Courtesy: Marvel Studios


'Avengers: Infinity War' Delivers Its Heroes in a Whole New Light

It’s taken 18 Marvel Cinematic Universe movies to finally get its globe-hopping do-gooders to a place where things really matter. It’s not that the big, busy, blustery Avengers: Infinity War is the best movie of the series, but—feeling rushed, jam-packed with over 20 major characters, and weighing in at a hefty 2 and a half hours long—it’s certainly the darkest, weirdest and most consequential.

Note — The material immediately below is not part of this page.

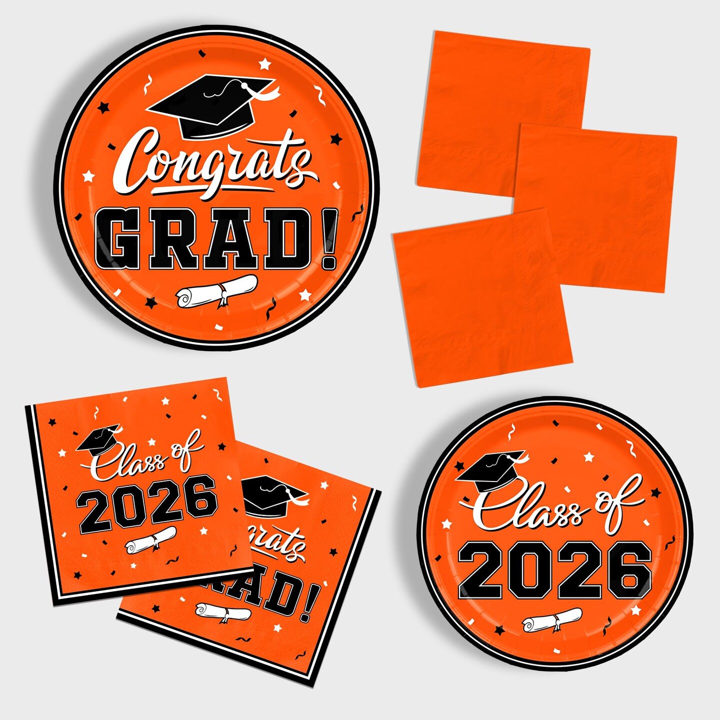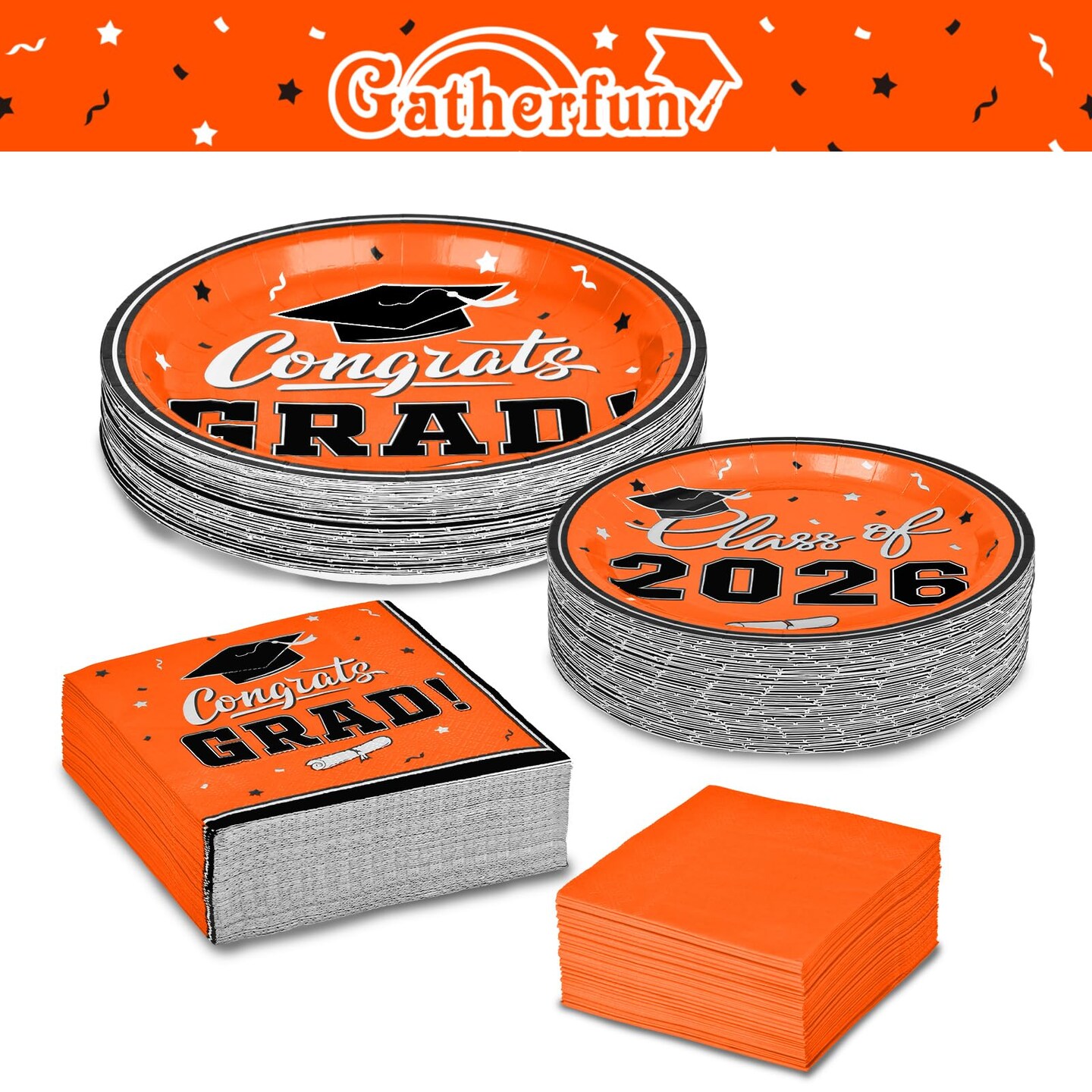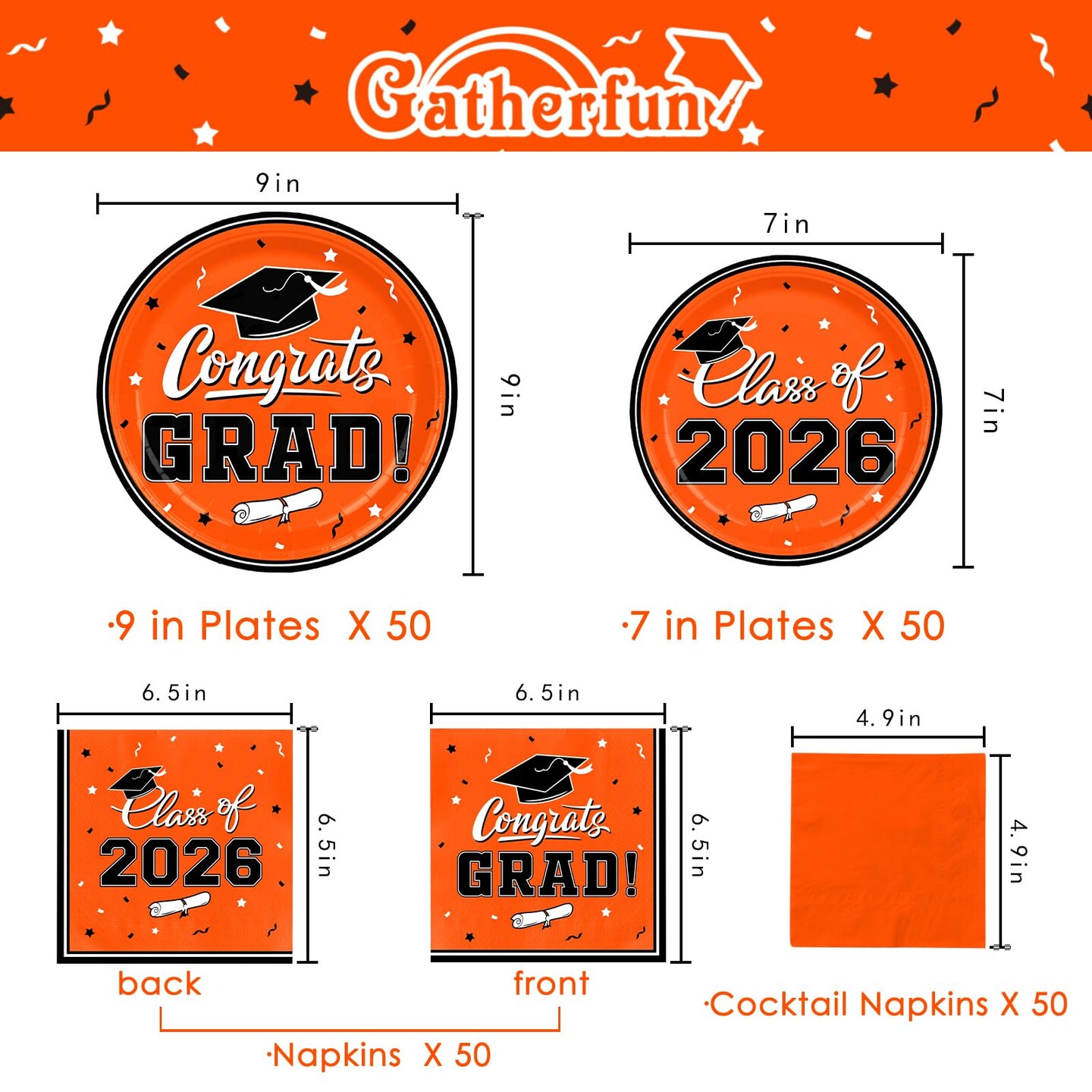 Graduation Party Plates and Napkins Gatherfun Graduation decorations 2026 Orange Disposable Paper Plates Luncheon Napkins Cocktail Napkins for Congrats Grad Party Decorations, Serve 50

Despite consistently delivering big laughs, the film’s struggles this time seem like matters of life and death.

End of the world stuff, in fact. And that’s all down to the screen time grabbed by the Avengers’ long-awaited showdown with Thanos, who turns out to be easily the most complicated, relatable, beautifully depicted and acted cosmic villain of the series. Wonderfully voiced and performed by Josh Brolin, the massive CGI motion-capture, purple-hued baddie (who looks more than a little Ron Perlman, but whose gestures, tics and nuances are pure Brolin) is hell-bent on finally possessing the five remaining, much-mentioned Infinity Stones. You know what those are, right? They’re the six pastel-colored gems embodying power, space, time, mind, soul and reality that Avengers movies have yammered on about for the past decade since Iron Man.

Well, Thanos wants them badly enough to exact massive and unprecedented interplanetary destruction, enough to slice in half the overpopulated, undernourished universe’s population. Or, hell, just end the universe completely. Or both. We’re not sure which, and probably won’t be until the next Avengers hits theaters next year.

Whatever the outcome, holding all six stones will bring Thanos the ultimate power he seeks. In Infinity War, his pursuit brings him in direct and deeply sad conflict with his foundling Gamora (Zoe Saldana), whom he adores. Creepily. All through the movie, Thanos’ terrifying mission and rampage mean a jaw-dropping body count of beloved and semi-beloved characters that may freak the hell out of fanboys and fangirls. It also leaves the film ending on a spectacularly poetic, grim, funereal note.
MCU characters have never before seemed so appealing or charismatic, let alone so surprisingly vulnerable.
Though at times lumbering and overlong, the movie, directed by Anthony and Joe Russo (who also did Captain America: Winter Soldier and Captain America: Civil War) from a nimble, multi-tiered, multi-level screenplay credited to Christopher Markus and Stephen McFeely, mostly keep things pacey. The action jumps back and forth from the lovably moronic Guardians of the Galaxy crew, to the magisterial Wakanda of Black Panther, and even to Scotland, where Vision and Wanda (Paul Bettany and Elizabeth Olsen, both excellent) have gone into hiding. And when the plot mechanics bring together all the Avengers, it’s a thing of beauty.

Despite way too many tiresome, chaotic action sequences in which rubbery-looking superheroes get shoved, slammed and thrown around, some of cinema’s most wily actors overcome and sparkle throughout—Robert Downey Jr., Benedict Cumberbatch, Mark Ruffalo and Tom Holland, especially. In fact, MCU characters have never before seemed so appealing or charismatic, let alone so surprisingly vulnerable.

That’s just one of the things that makes their on-screen deaths so powerful and moving—and so likely to be magically reversed in the next Avengers movie. In the meantime, Avengers: Infinity War, though rushed and confusing, is still entertaining, powerful and surprisingly—well—surprising in where it's ready and willing to take audiences.

Avengers: Infinity War

The movie feels consequential and delivers emotional heft, not to mention laughs galore.
It's not short—but it does have "infinity" in the title, so you can't say it didn't warn you.